How does the Trellix virus scanning engine work?

The Trellix virus-scanning engine is a complex data analyzer. The exact process of analysis depends on the object (often a file) being scanned and the type of viruses being sought. However, the following stages describe the general approach that the virus-scanning engine uses.

Identifying the type of the object

This stage determines which type of object is being scanned. Files that contain executable code, for example, need to be scanned.

Different types of files in Microsoft Windows systems, for example, are distinguished by their file extensions, such as .EXE and .TXT. However, any file can be renamed to hide its true identity, so the contents of the file must first be determined.

Each type of object requires its own special processing. If the type cannot be infected with a virus, no further scanning needs to be done. For example, a picture stored in a file of bitmap format cannot be infected.

Decoding the object

This stage decodes the contents of the object, so that the virus scanner "understands" what it is looking at. For example, a compressed Zip file cannot be interpreted until it has been expanded back to its original contents. The same applies to non-compressed files too. For example, the engine must decode a Microsoft Word document (.DOC) file to find any macro viruses.

File decoding can become quite complex when a file contains further encoded files. For example, a Zip archive file might contain a mixture of other archives and document files. After the engine decodes the original Zip file, the engine must also decode and separately scan the files inside.

Looking for the virus

This complex stage of virus scanning is controlled by the virus definition (DAT) files. The scan.dat file contains thousands of different drivers. Each driver has detailed instructions on how to find a particular virus or type of virus.

The engine can find a simple virus by starting from a known place in the file, then searching for its virus signature. Often, the engine needs to search only a small part of a file to determine that the file is free from viruses.

A virus signature is a sequence of characters that uniquely identify the virus, such as a message that the virus may display on the screen, or a fragment of computer code. Care is taken when choosing these signatures to avoid falsely detecting viruses inside clean files. More complex viruses avoid detection with simple signature scanning by using two popular techniques:

Encryption — The data inside the virus is encrypted so that antivirus scanners cannot see the messages or computer code of the virus. When the virus is activated, it converts itself into a working version, then executes.

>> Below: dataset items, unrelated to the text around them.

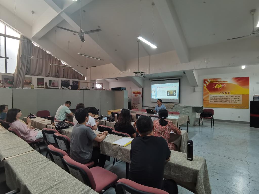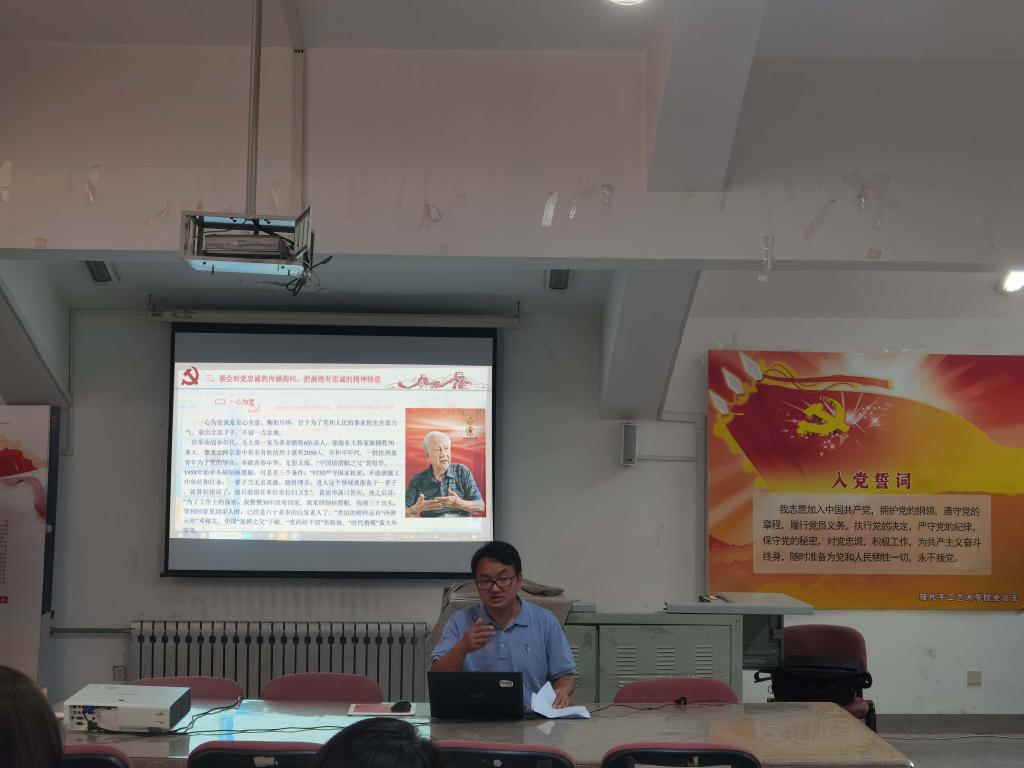 2021年6月25日,現代手工藝術學院黨總支書記金偉在B444多媒體教室為學院黨員教師講授《對黨忠誠》黨史學習教育專題黨課。
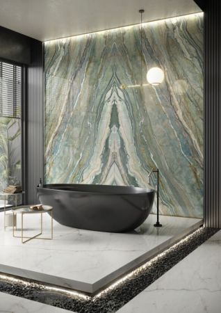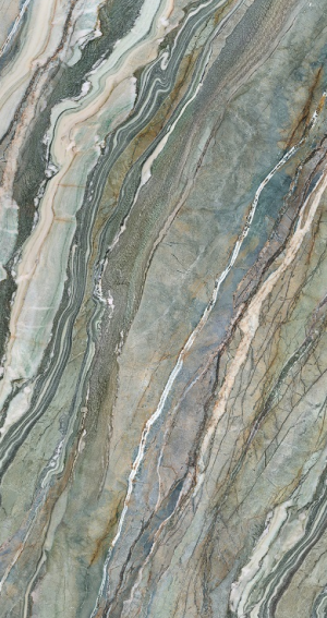 Royal Peacock is a porcelain slab of remarkable vibrancy, inspired by the elegance of exotic marble. Its rich blend of emerald greens, earthy browns, and subtle ivory tones flows in dynamic, fluid veining, reminiscent of a peacock’s plumage. Bold and luxurious, it transforms interiors into dramatic statements of artistry and sophistication.
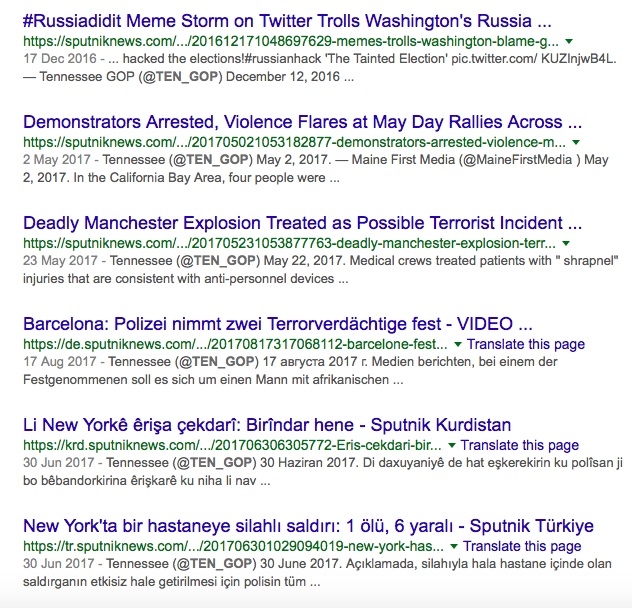 Кремлёвские пропагандистские СМИ также неоднократно распространяли сообщения @TEN_GOP: Например, «Спутник», официальная миссия которого — «сообщать о государственной политике Российской Федерации за рубежом», цитировал этот аккаунт в статьях на разных языках.
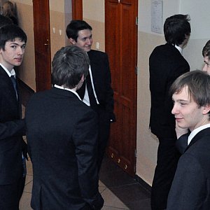 Wyposażeni w kalkulatory, podstawowe przybory do pisania i rysowania figur, elegancko ubrani i przeważnie w dobrych nastrojach. Jedni jeszcze upewniali się u kolegów co do jakiegoś wzoru, inni omawiali wczorajszy wieczór, a niektórzy starali się odstresować grając w karty. – Ćwiczymy rachunek prawdopodobieństwa – żartowali.
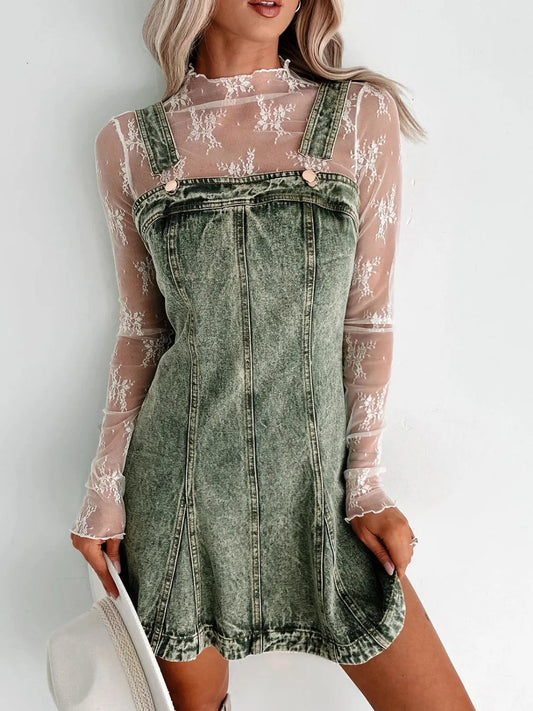 Annie Wear V-Neck Adjustable Strap Denim Overall Dress with Pockets

Polymorphism — This process is similar to encryption, except that when the virus replicates itself, it changes its appearance.

Using heuristic analysis

Using only virus signatures, the engine cannot detect a new virus because its signature is not yet known. Therefore the engine can use an additional technique for heuristic analysis.

Programs, documents, or email messages that carry a virus often have distinctive features. They might attempt unprompted modification of files, invoke mail clients, or use other means to replicate themselves. The engine analyzes the program code to detect these kinds of computer instructions. The engine also searches for "legitimate" non-virus-like behavior, such as prompting the user before taking action, and thereby avoids raising false alarms.

By using these techniques, the engine can detect many new viruses.

Calculating the checksum

This stage exactly identifies the virus. The engine performs a mathematical calculation over the virus data to produce a unique number for the checksum. The engine compares this checksum against previously calculated values in one of the DAT files (scan.dat) to identify the virus exactly.

Cleaning

This stage cleans the object. Usually, the engine can clean an infected file satisfactorily. However, some viruses can alter or destroy data to an extent where a file cannot be fixed. The engine can easily clean macro viruses by erasing the macro from the infected document.

Executable viruses are more complex. The engine must restore the original path of execution through the program so that the virus does not become active. For example, a virus might append itself to the end of an executable program file. To run, the virus must divert the path of execution away from the original code to itself. After becoming active, the virus redirects the path of execution to the original code to avoid suspicion. The engine can disable this virus by removing the diversion to the virus code. To clean the file, the engine then erases the virus code.